No one was charged in the death of Breonna Taylor.

Her family and the public deserve to know why.

More than six months after her death and national public outcry, Kentucky Attorney General Daniel Cameron said the grand jury proceedings led to his conclusion that two of the officers who sprayed her apartment with gunfire that night were justified in the shooting, and only one officer was charged for shots fired into the wall of an adjoining apartment, but striking no one.

Again, Breonna’s family and the public should know why.

Cameron says he will not make public the evidence in the case which his office presented to the grand jury.


He said the records will remain sealed.


No transcripts from the grand jury proceeding will see the light of day.


A former Kentucky assistant attorney general has told the media he thinks the grand jury transcripts should be made public.

Why does Cameron disagree?

Grand jury and investigative files in other high-profile police shootings have been made public. 

Why not this time?

Kentucky Gov. Andy Beshear says the documents should be made public.

Louisville State Rep. Charles Booker says release the files.

The mayor of Louisville, Greg Fischer, has called for the release of documents that would not compromise ongoing investigations.

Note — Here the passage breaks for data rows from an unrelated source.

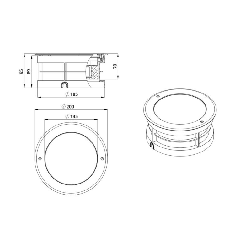 Корпус светильника выполнен из литого под давлением алюминия, имеет декоративный фланец из нержавеющей стали. Герметичность устройства соответствует классу IP68, что предполагает высокий уровень защиты корпуса от проникновения влаги и пыли внутрь конструкции.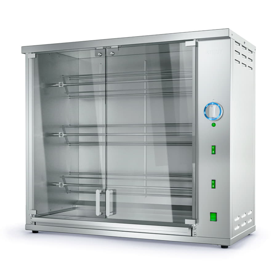 Постоянная скорость вращения шампура и оптимальное расстояние от тушки до ТЭНов обеспечивают равномерную прожарку кур и высокую производительность гриля. Специальный узел вращения и поддержки шампура обеспечивает быструю установку и выемку шампура из гриля. Шампур имеет три спицы и оснащен торцевыми фиксаторами кур, исключающими проворачивание кур во время приготовления. Стеклянные дверцы имеют магнитный фиксатор закрытого положения. В положении открытых дверей шампуры с курами легко вынимаются из гриля. Корпус гриля изготовлен из пищевой нержавеющей стали AISI430.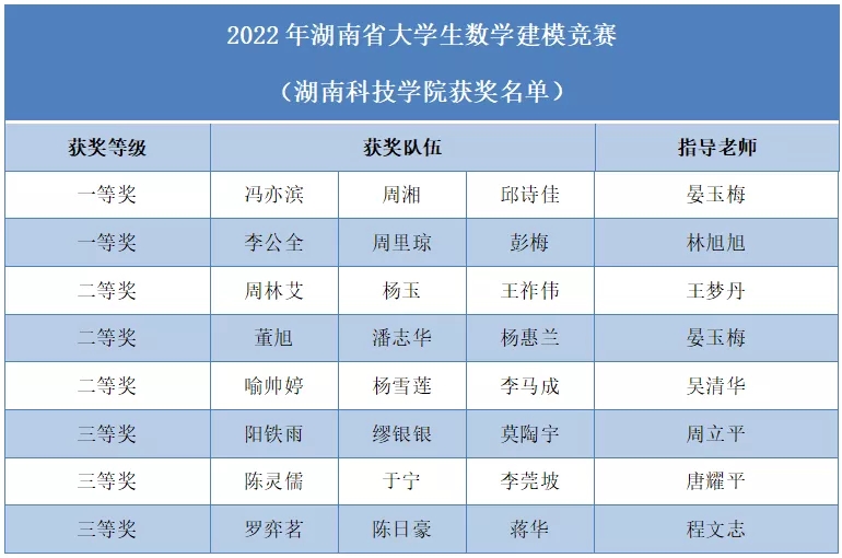 本网讯 近日,由湖南省教育厅主办的2022年湖南省大学生数学建模竞赛暨全国大学生数学建模竞赛湖南赛区比赛获奖揭晓。金沙集团代表队荣获一等奖2项,二等奖3项,三等奖3项,理学院林旭旭老师、晏玉梅老师被授予2022年湖南省大学生数学建模竞赛优秀指导教师。这是金沙集团近年在该项赛事中的最佳成绩。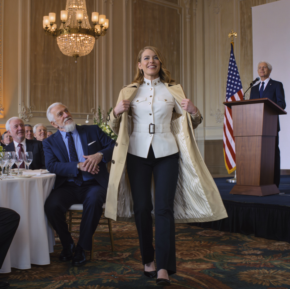 Les mots glissèrent dans la pièce et me frappèrent avec la monotonie d’une phrase que j’avais entendue cent fois. Mais ce soir, ils sonnaient différemment, comme le prélude à quelque chose que j’étais la seule à pressentir. La voix du maître de cérémonie résonna dans les haut-parleurs, douce et solennelle, remerciant les invités pour leur service et leur présence. Je fis un pas en avant, le bruit de mes bottes sur le marbre déchirant le murmure poli des conversations. Mon cœur était stable, presque calme, car j’avais répété ce moment dans ma tête tant de fois.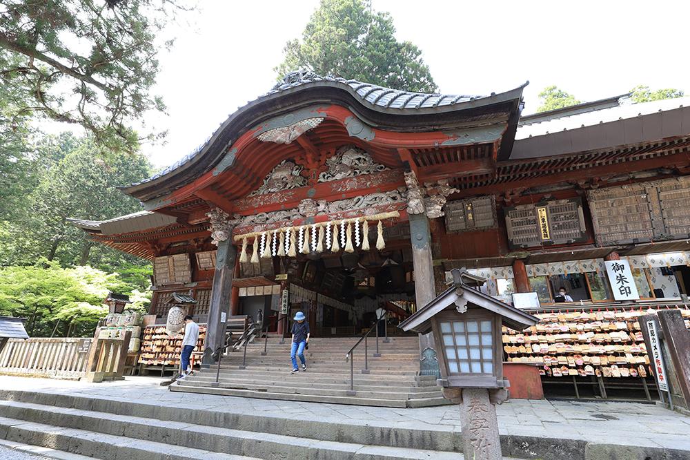 巨大なスギやヒノキが並ぶ参道を進んだ先にある荘厳な本殿は巧みな装飾が数多く施されていて、神々しい雰囲気が漂っています。
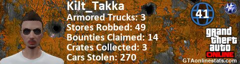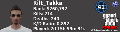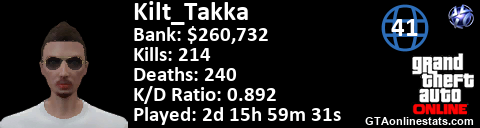 [URL=http://GTAonlinestats.com/showplayer/Kilt_Takka][IMG]http://GTAonlinestats.com/signature/Kilt_Takka/sig.png[/IMG][/URL]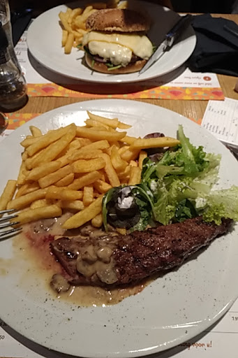Read moreWe have arrived here with the help of a local student. At first glance it is a nice place with nice music. A family restaurant. The prices are good, not too expensive. We went into the train wagon to eat. The difference of temperature is huge! The entire period we've stayed here, we've started to sweat a lot. The drinks have arrive quickly, but for the food we have waited 1 hour (+/- 5 minutes). The waiters are normal people, they did not do anything wrong, but nothing exceptional either. The food was good, except the chicken burger where the chicken has been so crispy that sometimes it hurt my gums. If you don't want to climb a little mount Everest, don't go to the toilet. In conclusion, my entire experience has been lower than 3 stars (overall it was 2.5 stars) and, honestly, I will not...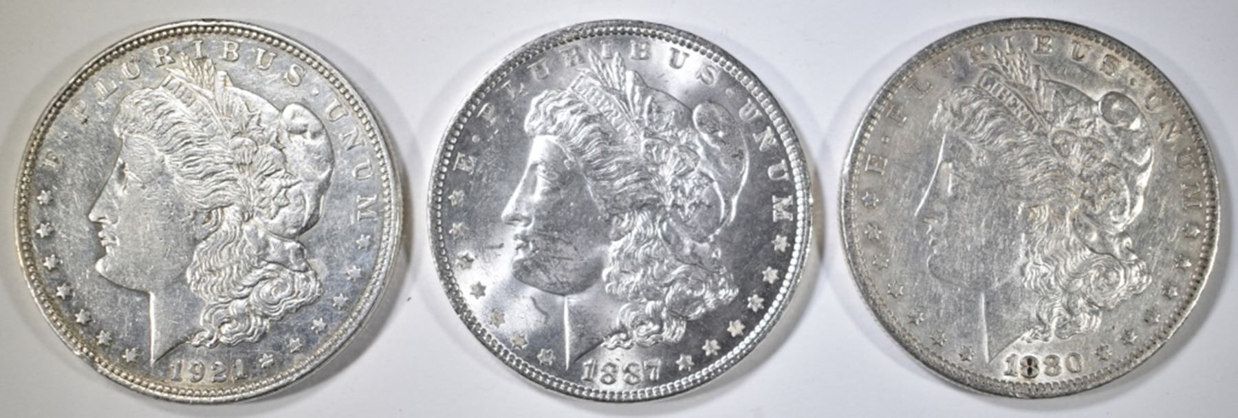1887 CH BU, 1880-O BU, 1921 BU. ESTIMATE $200 - $225.
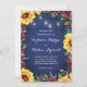 Sunflower Burgundy Rose Jar Lights Navy Wedding Invitation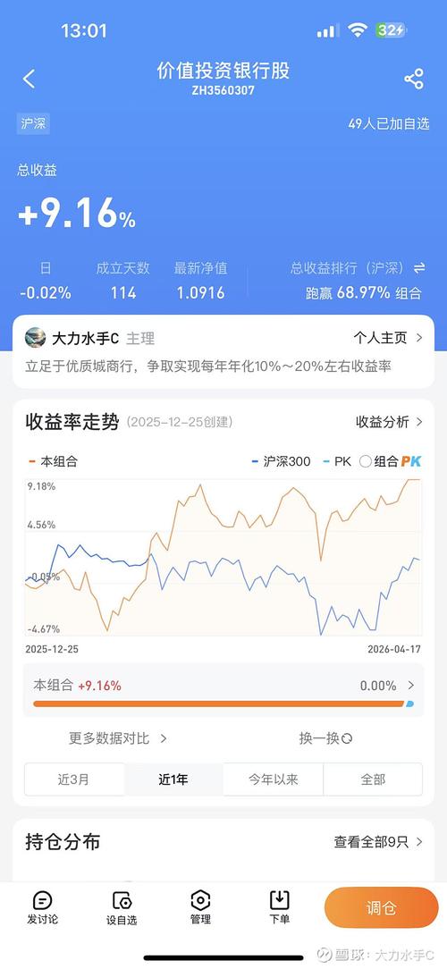 2026年截止到4月18号为止三大指数全线上涨,其中上证涨幅为2.08%,深证涨幅10.06%,创业板涨幅为14.83%,其中楼主重仓的银行股板块涨幅为-0.87%。 楼主账户今年以来涨幅达到25.45%(截止到26年4月18日,24年2月开通融资),跑赢上证涨幅23个点左右,跑赢银行指数26个点左右。主要是重仓的青岛银行今年涨幅17.41%,杭州银行涨幅11.19%,齐鲁银行今年涨幅9.25%均...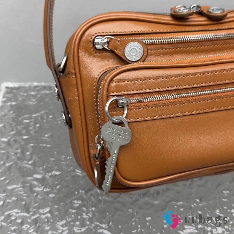 Uubags Acne Studios Camero party shoulder bag in cognac brown 26x16x7cm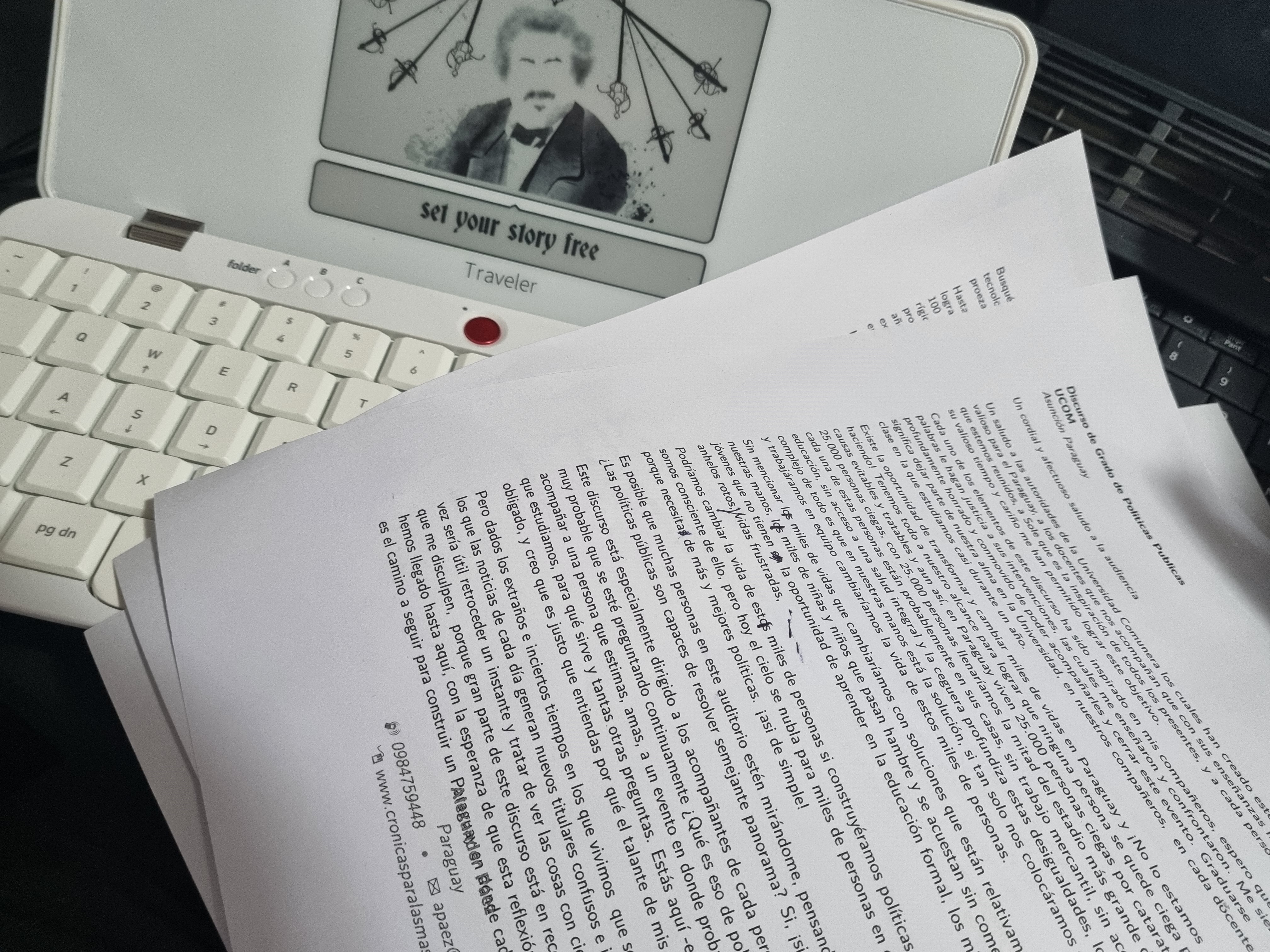 Así, pues, mi mensaje es sencillo: seguir tejiendo, seguir creyendo, seguir avanzando, seguir construyendo, seguir alzando la voz, seguir escribiendo. Cada persona tiene la oportunidad de rehacer el mundo. Es un buen momento para hacerlo y tejer el Paraguay que tanto soñamos.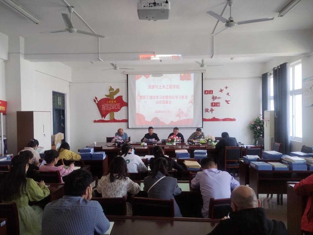 4月18日下午,资源与土木工程学院在工A402会议室召开教职工理论学习会,深入学习习近平总书记关于党纪学习教育重要讲话和重要指示批示精神,并就开展党纪学习教育作了动员部署。学院党委副书记、院长陈松主持会议,全体党政干部、教职工参加学习。

Yes, there may be good reasons not to release documents during investigations and while the grand jury is deliberating but the grand jury has finished its work, and there is precedent for letting the public know what has gone on behind closed doors, most notably in the Michael Brown case in Ferguson, Missouri, back in 2014.

When is transparency a bad thing?

Across the nation, there is a lot of debate about what legal justice reform should look like. But everyone should agree that transparency is always the right thing to do. Be open. Be honest. Whether in Louisville, right here at home or anywhere else in the nation, law enforcement, prosecutors, the courts and the entire legal justice system should be transparent. 

If Cameron is confident in his decision, then why in the world would he not present the public the exact same things that were presented to the grand jury?

Let the public see the facts and people can make up their own minds based on the truth, the whole truth and nothing but the truth.